GIVEN DATA
========

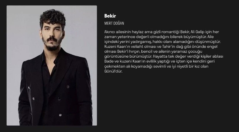 Бекир, палав, но таен романтик от семейство Акънджъ, израства със съзнанието, че не винаги е бил достатъчно ценен за Али Галип. Чувства се странно в семейството и смята, че не получава това, което заслужава. Фактът, че братовчед му Каан е престолонаследник, а Тахир е като планина пред него, прави Бекир да изглежда като избухливо, егоистично и непокорно дете в семейството. Единствените хора, на които държи в живота, са Гьонюл - сладко и добронамерено момиче, за което братовчед му се жени, и по-голямата му сестра Баде, от които не може да се дистанцира.
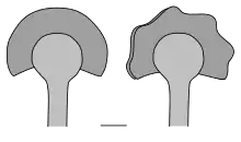 In the flattened fossils, the sporangia consist of a central, roughly circular area, on average 2 mm in diameter, smoothly connected to the end of the stem on which they were borne. Around the top and sides of the central area there is a border, around 1 mm wide, which is not connected to the stem and ends abruptly. The border varies in shape, sometimes being uniform, sometimes lobed; it appears to consist of two layers separated by a 'filling'. The layers appear separated into two 'valves' in some specimens. Cai et al. say that it is difficult to reconstruct the three-dimensional structure of a sporangium before preservation; it may have been more-or-less spherical or it may already have been compressed from side to side before being fossilized. They concluded that "[t]hese unique and somewhat bizarre sporangia ... defy our understanding", but that the most surprising feature was their complexity relative to other Silurian species such as Salopella, Cooksonia or Steganotheca.[1]
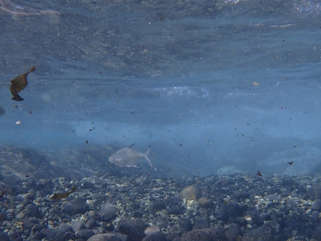出入りも全くストレスないです。中に入ると昨日同様少しもやっとしていますが15~20mは見えていて青くて綺麗です。群れがよく映えますね。イサキやタカベ、イシモチなどの群れがいい感じです。それに加えて最近はニザダイがものすごいですね。ぎゅっと固まっていてとても迫力があります。ブリマチではキンギョハナダイがメガ群れで絨毯のようになっています。こちらもやばいですね~。深場ではスジハナダイやベニハナダイも綺麗です。かけあがりでは久しぶりにキンピラも見れました。以前は黒ぶちな感じでしたが今や完全に金色になりました。もうどの位見れてるかな~。かなり長生きしてますね。そしてクエ穴ではかなり久しぶりに大きなクエが入っていました。今回はかなり近づいても全く引っ込まずにいてくれました。よく見るとその周辺の水がもやっとしています。どうやらそこに暖かい水が出ていて離れられない感じです。動画もばっちり撮れちゃいました。入江では今日もシボってきました。そして早くもムツの小さな子供たちが登場しています。だんだんと春めいてきますね~。波打ち際の超浅場ではコバンアジがまだ頑張っています。今日はこのエリアも水が綺麗だったので何とか撮れました。コバンアジ撮ってるうちに打ち上げられてフィニッシュとなりました!!

========

EXERCISE DESCRIPTION
Print all data above verbatim, except pictures.

REPLY TO THE TASK
 Бекир, палав, но таен романтик от семейство Акънджъ, израства със съзнанието, че не винаги е бил достатъчно ценен за Али Галип. Чувства се странно в семейството и смята, че не получава това, което заслужава. Фактът, че братовчед му Каан е престолонаследник, а Тахир е като планина пред него, прави Бекир да изглежда като избухливо, егоистично и непокорно дете в семейството. Единствените хора, на които държи в живота, са Гьонюл - сладко и добронамерено момиче, за което братовчед му се жени, и по-голямата му сестра Баде, от които не може да се дистанцира.
 In the flattened fossils, the sporangia consist of a central, roughly circular area, on average 2 mm in diameter, smoothly connected to the end of the stem on which they were borne. Around the top and sides of the central area there is a border, around 1 mm wide, which is not connected to the stem and ends abruptly. The border varies in shape, sometimes being uniform, sometimes lobed; it appears to consist of two layers separated by a 'filling'. The layers appear separated into two 'valves' in some specimens. Cai et al. say that it is difficult to reconstruct the three-dimensional structure of a sporangium before preservation; it may have been more-or-less spherical or it may already have been compressed from side to side before being fossilized. They concluded that "[t]hese unique and somewhat bizarre sporangia ... defy our understanding", but that the most surprising feature was their complexity relative to other Silurian species such as Salopella, Cooksonia or Steganotheca.[1]
出入りも全くストレスないです。中に入ると昨日同様少しもやっとしていますが15~20mは見えていて青くて綺麗です。群れがよく映えますね。イサキやタカベ、イシモチなどの群れがいい感じです。それに加えて最近はニザダイがものすごいですね。ぎゅっと固まっていてとても迫力があります。ブリマチではキンギョハナダイがメガ群れで絨毯のようになっています。こちらもやばいですね~。深場ではスジハナダイやベニハナダイも綺麗です。かけあがりでは久しぶりにキンピラも見れました。以前は黒ぶちな感じでしたが今や完全に金色になりました。もうどの位見れてるかな~。かなり長生きしてますね。そしてクエ穴ではかなり久しぶりに大きなクエが入っていました。今回はかなり近づいても全く引っ込まずにいてくれました。よく見るとその周辺の水がもやっとしています。どうやらそこに暖かい水が出ていて離れられない感じです。動画もばっちり撮れちゃいました。入江では今日もシボってきました。そして早くもムツの小さな子供たちが登場しています。だんだんと春めいてきますね~。波打ち際の超浅場ではコバンアジがまだ頑張っています。今日はこのエリアも水が綺麗だったので何とか撮れました。コバンアジ撮ってるうちに打ち上げられてフィニッシュとなりました!!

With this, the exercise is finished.